India has increased by roughly 180 million people, and is set to surpass China as the world’s most populous nation next year for the first time in almost 2,000 years.
Birth rates in China have decreased since 1980 when the country’s one-child policy was introduced, and more women have also been having children later in life to focus on their education and career opportunities.
Sub-Saharan Africa population to grow the fastest in coming years
When it comes comes to which countries are likely to grow more in the future, the UN says that most of the 2.4 billion people to be added before the global population peaks are likely to be born in sub-Saharan Africa. This includes countries like Angola, Botswana, Cameroon and the Central African Republic.
But experts say that the rate of rapid growth is starting to slow down, meaning it will take about 15 years for the population to reach nine billion – which wouldn’t be until the year 2037.

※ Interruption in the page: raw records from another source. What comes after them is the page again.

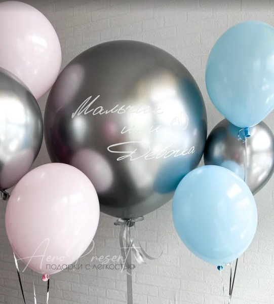 - Гендер шар с наполнением конфетти и маленькими шарами и надписью на нем;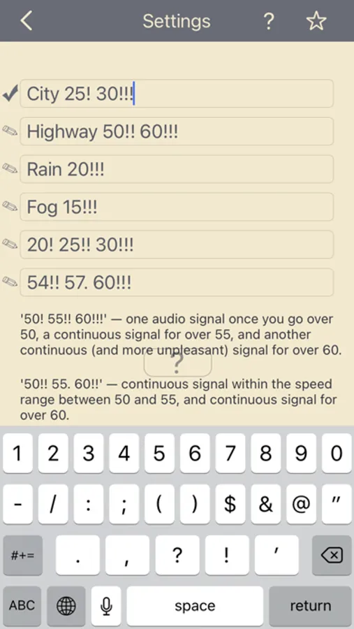 • "60! 70!! 80!!!": One audio signal once you go over 60, a continuous signal for over 70, and another continuous (and more unpleasant) signal for over 80.
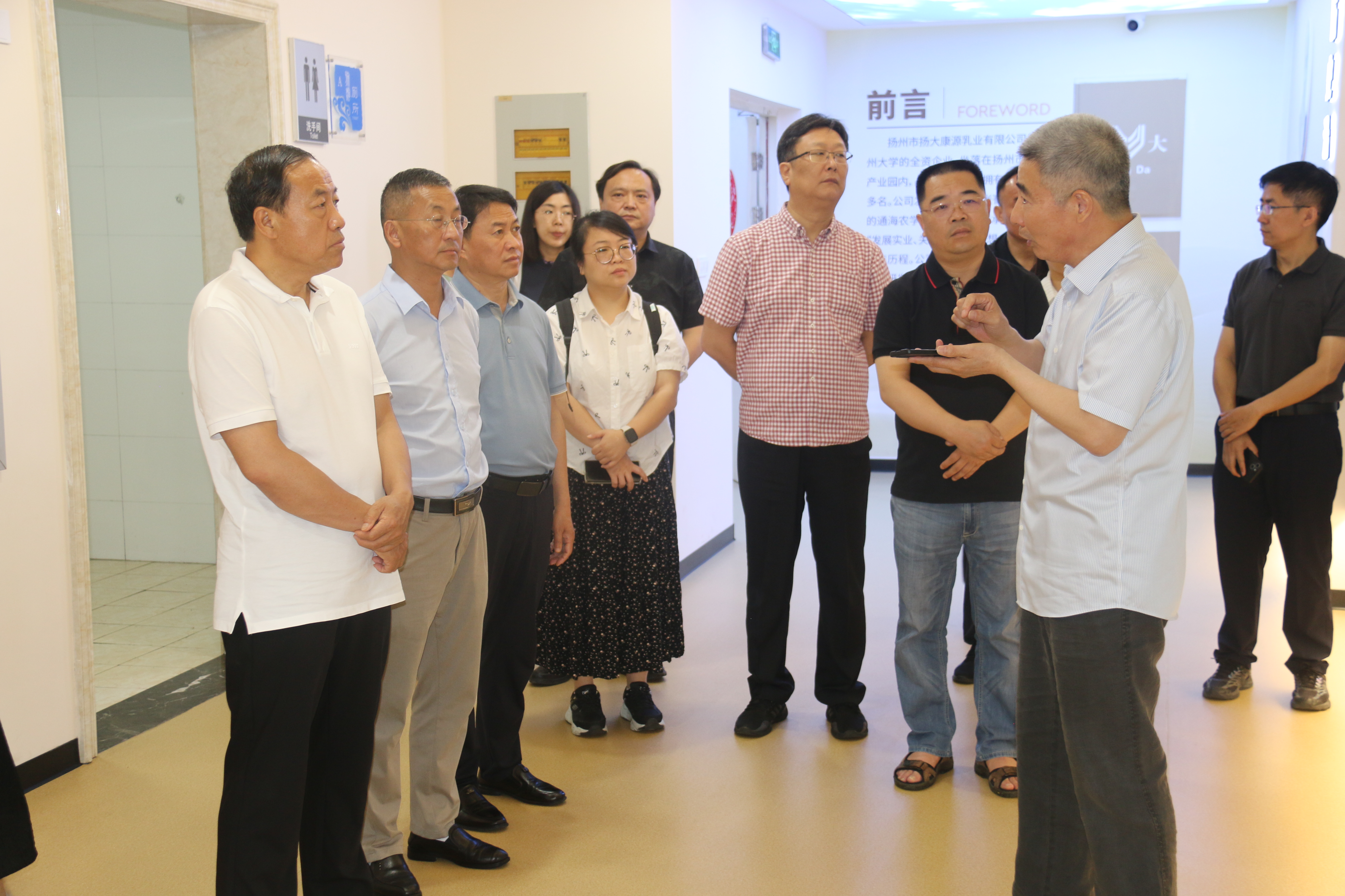 6月9日上午,贵州省黔东南州政协副主席唐斌一行来场调研指导。扬州市政协经济科技委员会主任陈荣进,广陵区政协副主席庄绪梅、区政协经科农委主任姜志,食品产业园党委副书记、管理办副主任陈沿明,场党总支书记马雷等陪同调研。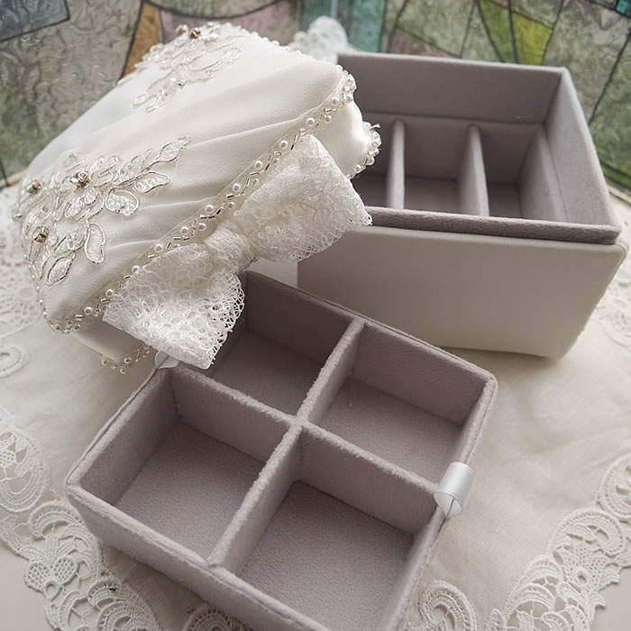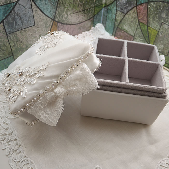 ウェディングドレスからアクセサリーボックスにリメイクしました。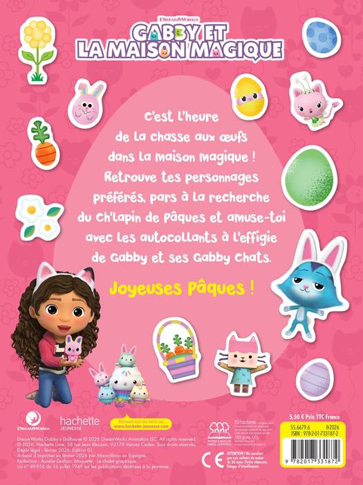 Pars à la chasse aux œufs à travers la maison magique avec Gabby et ses amis ! 14 activités variés : labyrinthe, ombres, cherche et trouve, suites logigues, coloriage... sur le thème de Pâques Plus de 40 stickers à utiliser dans les activités ou en dehors du livre. Un format pratique à emporter partout ! Résumé : C'est l'heure de la chasse aux œufs !...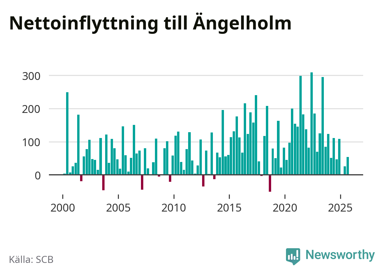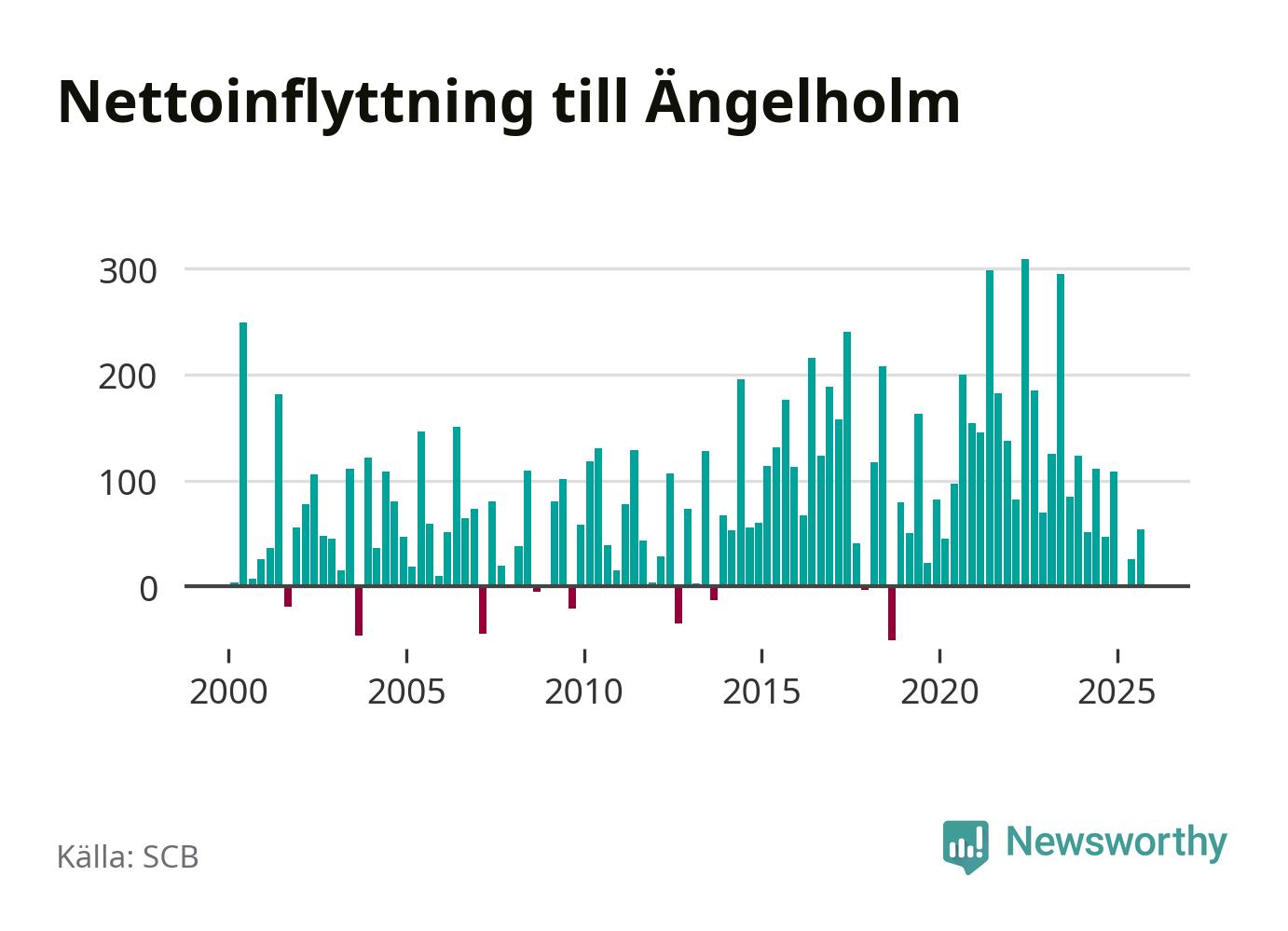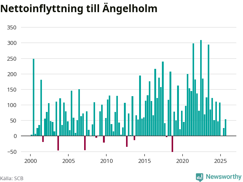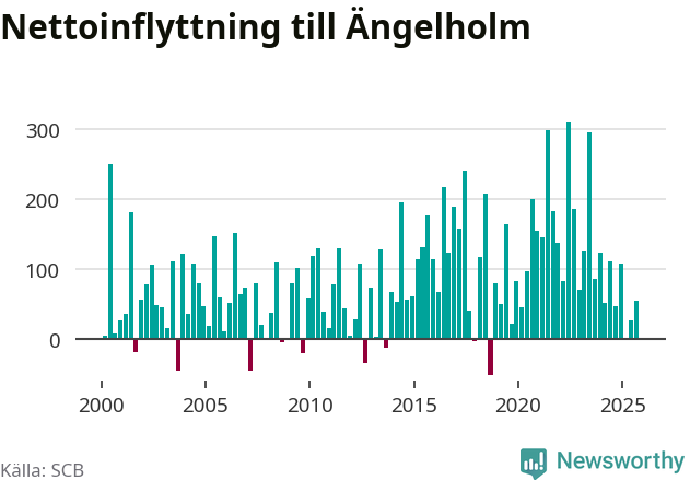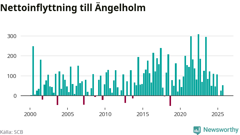 Under tredje kvartalet 2025 flyttade 700 personer till kommunen medan 646 personer flyttade därifrån. Det är historiskt sett en stor utflyttning under ett kvartal. Sedan seklets början har Ängelholm haft ett positivt flyttnetto under nästan alla kvartal, inklusive det senaste kvartalet.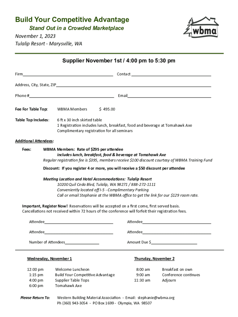 Build Your Competitive Advantage Stand Out in a Crowded Marketplace November 1, 2023 Tulalip Resort Marysville, WA Supplier November 1st / 4:00 pm to 5:30 pm FirmContactAddress, City, State, ZIPPhone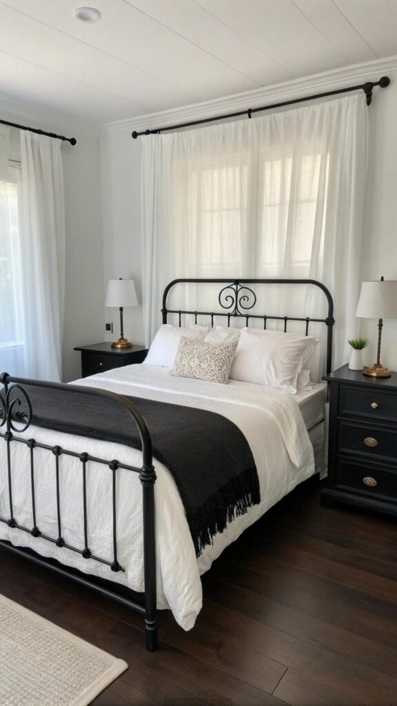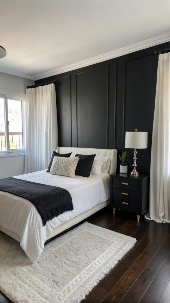 White curtains soften the bold look. This setup suits minimalist or modern bedrooms. A black throw adds warmth to bedding. Wall art in monochrome tones ties it together. The design emphasizes simplicity and elegance.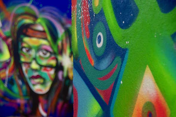 Continuaremos avanzando hasta la parte más alternativa de la ciudad. Los innumerables grafitis que llenan las fachadas de los edificios forman unos murales emblemáticos donde los artistas dejan su huella. VHILS, Godmess, Akacorleone, Leonor Brilha, Mariana Dia Coutinho o Acer entre muchos otros serán algunos de los nombres de artistas callejeros que conoceremos a lo largo de la visita guiada.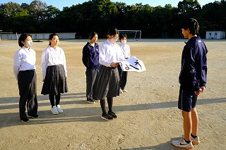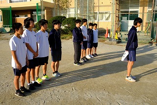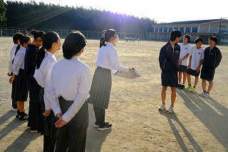三重県中学校駅伝競走大会を2日後となった昨日11月14日(金)の放課後。夕日に包まれたグランドでは、生徒会本部役員の皆さんから、男子駅伝部の選手のみなさんに応援旗の贈呈が行われました!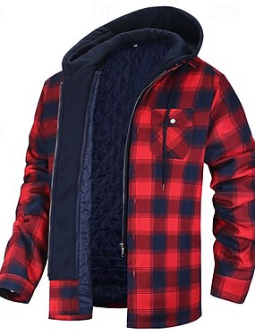 Муж. Зимнее пальто Пальто тедди Повседневная куртка на открытом воздухе Повседневные Сохраняет тепло Карман Полный почтовый индекс Осень Зима В клетку Уличный стиль Спорт и отдых Капюшон Обычная

One of the main reasons for this is that people in many parts of the world are having less children. In the 1960s five births per woman was the global average, now it’s nearly half at 2.4 per woman.
The UN is predicting that the global population will rise to around 10.4 billion people in the 2080s and remain at that level until 2100.
Does it matter?
The population growing is seen as a success by the UN because it shows how much public health, nutrition, personal hygiene and medicine has improved – but it can also present challenges.
Population pressure
Having more people on Earth puts more pressure on nature, with people in competition with wildlife for water, food and space, as well as with each other. Also, growing food as fuel creates immense infrastructure pressure.
This could lead to mass migration and conflict in coming decades, experts say, particularly as extreme climate change could make parts of Africa and countries so hot they could be unsuitable for people to live in.
More people means there are less resources to go around, and so governments will also need to think about how the way people and countries use what the world currently has and how this can this should be used.
This also includes how we are using energy and the impact on climate change if big countries with growing populations continue to use fossil fuels.
Although having more people on the planet will impact the environment, in fact it is the increase in producing and using materials which creates dramatic pollution increases that causes more of an impact to our immediate environment.
The UN Secretary General António Guterres said: ‘…it is a reminder of our shared responsibility to care for our planet and a moment to reflect on where we still fall short of our commitments to one another.’